The Coordinated Action of Calcineurin and Cathepsin D Protects Against α-Synuclein Toxicity

Abstract

The degeneration of dopaminergic neurons during Parkinson's disease (PD) is intimately linked to malfunction of α-synuclein (αSyn), the main component of the proteinaceous intracellular inclusions characteristic for this pathology. The cytotoxicity of αSyn has been attributed to disturbances in several biological processes conserved from yeast to humans, including Ca²⁺ homeostasis, general lysosomal function and autophagy. However, the precise sequence of events that eventually results in cell death remains unclear. Here, we establish a connection between the major lysosomal protease cathepsin D (CatD) and the Ca²⁺/calmodulin-dependent phosphatase calcineurin. In a yeast model for PD, high levels of human αSyn triggered cytosolic acidification and reduced vacuolar hydrolytic capacity, finally leading to cell death.
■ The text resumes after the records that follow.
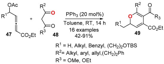 Stable 2,4,5,6-tetrasubstituted 2HPs 49 have been synthesized by the phosphine-catalyzed [3 + 3] annulation of ethyl 5-acetoxypenta-2,3-dienoate 47 and 1,3-dicarbonyl compounds 48 (Scheme 17) [49]. The scope of the reaction was wide, tolerating a good variety of the substituents. The presence of the ester group at the C5 position of the ring was fundamental for the stability of the 2HP 49.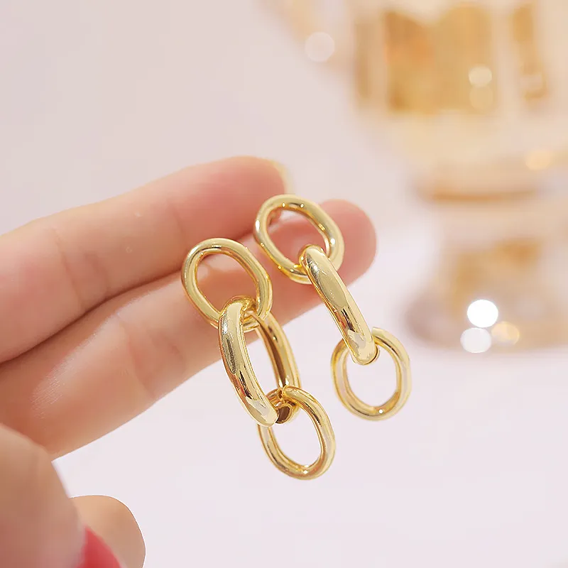 The chain design in these earrings adds texture and movement, making them a visually dynamic accessory. Chains have long been a symbol of strength and unity, and when integrated into jewelry, they create a look that is both stylish and meaningful. The links of the chain are carefully designed to ensure fluidity and elegance, creating a lightweight yet bold piece that catches the eye with every turn of your head.The chain design gives the earrings a sophisticated, minimalist appearance, making them perfect for pairing with both casual and formal outfits. Whether worn alone or layered with other earrings, the chains will add a touch of refinement to any look.
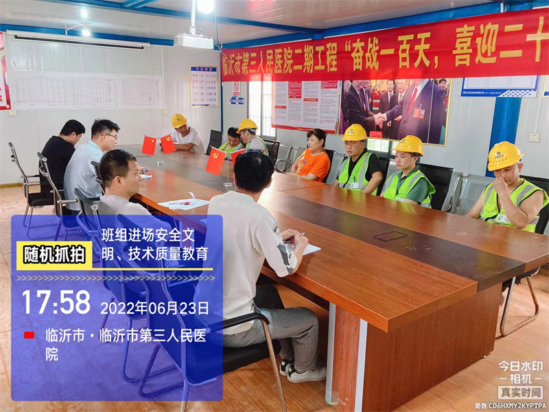 6月23日,臨沂市第三人民醫院項目部組織了安全文明、技術質量教育宣講會,講解了安全生產知識以及相關技術指導,讓全體人員樹立牢固的安全生產意識,以過硬的技術實力來保障項目的順利完成!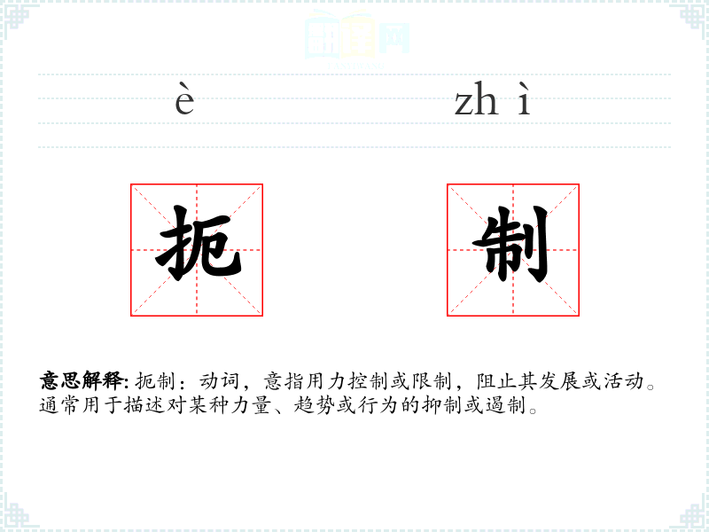 扼制:动词,意指用力控制或限制,阻止其发展或活动。通常用于描述对某种力量、趋势或行为的抑制或遏制。
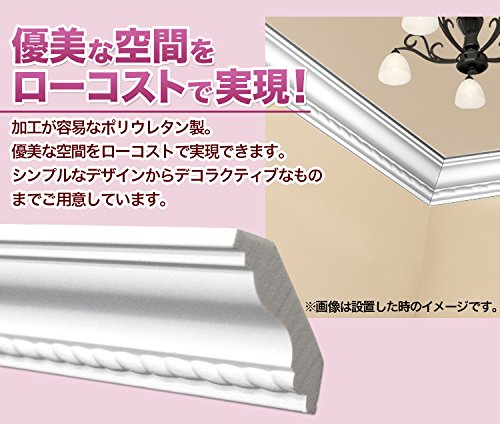 内装用モールディング。 壁の上端、天井との境目などに貼って、ゴージャス感やシックなたたずまいを表現する装飾材です。 ポリウレタン製の軽量製品のため、接着剤とビス止めで簡単に取付ができ、加工も容易です。下地塗装済みなので、仕上げに水性塗料を塗布するだけで施工ができます。 優美空間を簡単に、ローコストで実現できます。

This could be counteracted by overexpression of yeast CatD (Pep4), which re-installed pH homeostasis and vacuolar proteolytic function, decreased αSyn oligomers and aggregates, and provided cytoprotection. Interestingly, these beneficial effects of Pep4 were independent of autophagy. Instead, they required functional calcineurin signaling, since deletion of calcineurin strongly reduced both the proteolytic activity of endogenous Pep4 and the cytoprotective capacity of overexpressed Pep4. Calcineurin contributed to proper endosomal targeting of Pep4 to the vacuole and the recycling of the Pep4 sorting receptor Pep1 from prevacuolar compartments back to the trans-Golgi network. Altogether, we demonstrate that stimulation of this novel calcineurin-Pep4 axis reduces αSyn cytotoxicity.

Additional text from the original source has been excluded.